I mean, I was sure they were still out there, spending their budgets on whatever they’ve decided is the most pressing outer-space issue at the moment, but have they really done anything monumental over the last decade? Other than vaguely responding to questions wondering if we even really did go to the moon, and more specifically, why we can’t seem to figure out the math to get back, if in fact we even wanted to?
Now, I’m definitely not a scientist, and I have the predisposition to not pay attention to things I find purposely clouded, conspiracy-governed or even politically-oriented, but when pop culture keeps repeating these same issues, I’m inclined to wonder about it a bit, I can say that.
So in a decade of pretty low expectations, poor PR practices and minimal advancements that a normal person could actually understand and appreciate, NASA has apparently been working with Google vice president Vint Cerf, in regard to updating our out-of-date 1970s radio communications system used in deep space. Current deep space radio communications are clumsy and require a team on the ground to manually direct each and every packet from point to point. With the advent of new technology, one primary concern was to alleviate the manual approach to the sending and receiving of faraway data.
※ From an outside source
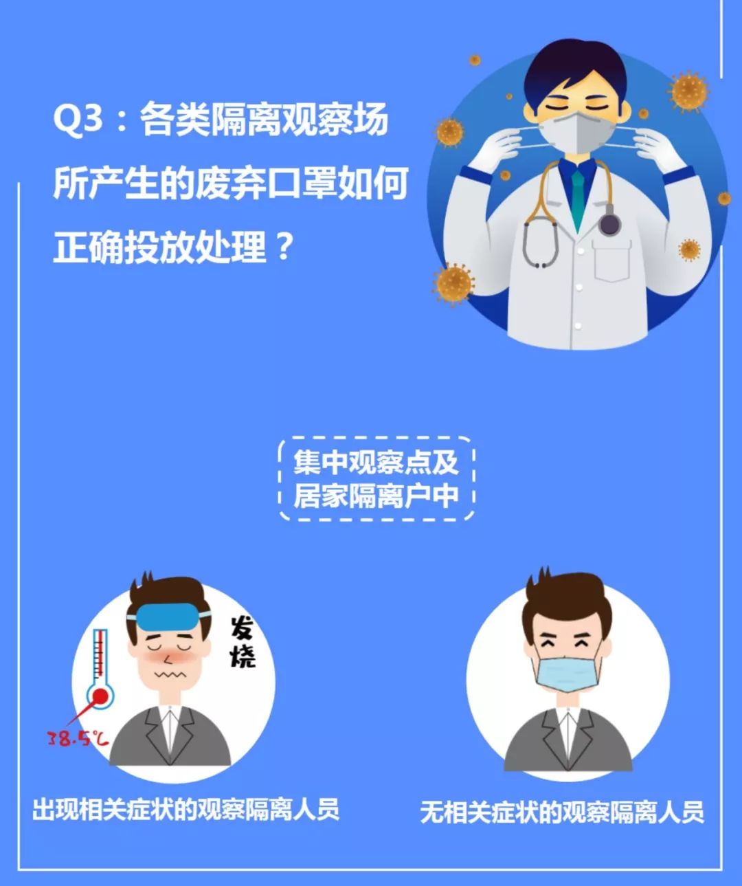 各居家隔離點(戶)、集中觀察點產(chǎn)生的廢棄口罩,應(yīng)嚴(yán)格按照上海市防控新型冠狀病毒感染肺炎疫情重點人員集中隔離觀察場所技術(shù)工作規(guī)范要求,由隔離牽頭部門負(fù)責(zé)指導(dǎo)屬地部門設(shè)立臨時存放點,與日常產(chǎn)生的生活垃圾予以專門存放。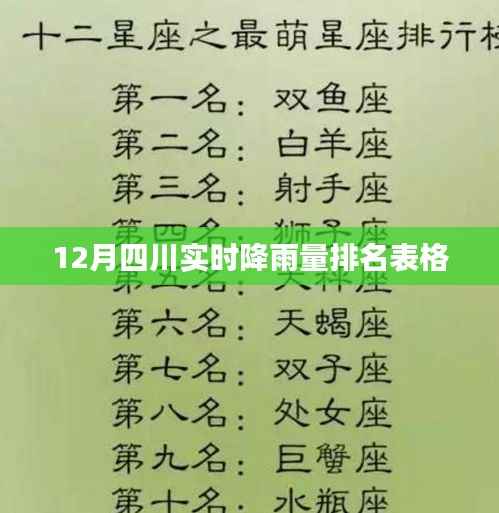 随着冬季的到来,四川地区的气候逐渐变得湿润多雨,为了更好地了解各地的降雨情况,本文将为大家呈现一份详尽的《12月四川实时降雨量排名表格》,通过这份表格,我们可以清晰地看到四川各地降雨量的排名情况,以便更好地应对气候变化和农业生产。

Go figure. Well, you knew they had to be doing something!
Combined with vast support, experience and technology advances from the Defense Advanced Research Projects Agency (DARPA), this updating of communication is geared toward addressing technical issues in heterogeneous networks that lack continuous network connectivity, such as those operating in mobile or extreme land environments, as well as planned networks in space.
This testing of Disruption-Tolerant Networking (DTN) was the first in a series of planned demonstrations to actively work towards a solution posed by the Government Accountability Office (GAO) in 1996, where it was stated that the Deep Space Network (DSN) communicating with spacecraft beyond low Earth orbit was not well positioned to meet the demands for future space missions. The DSN then was viewed as a “deteriorating infrastructure” whose limited capacity to serve multiple missions would result in loss of scientific data which would be difficult if not impossible to replace.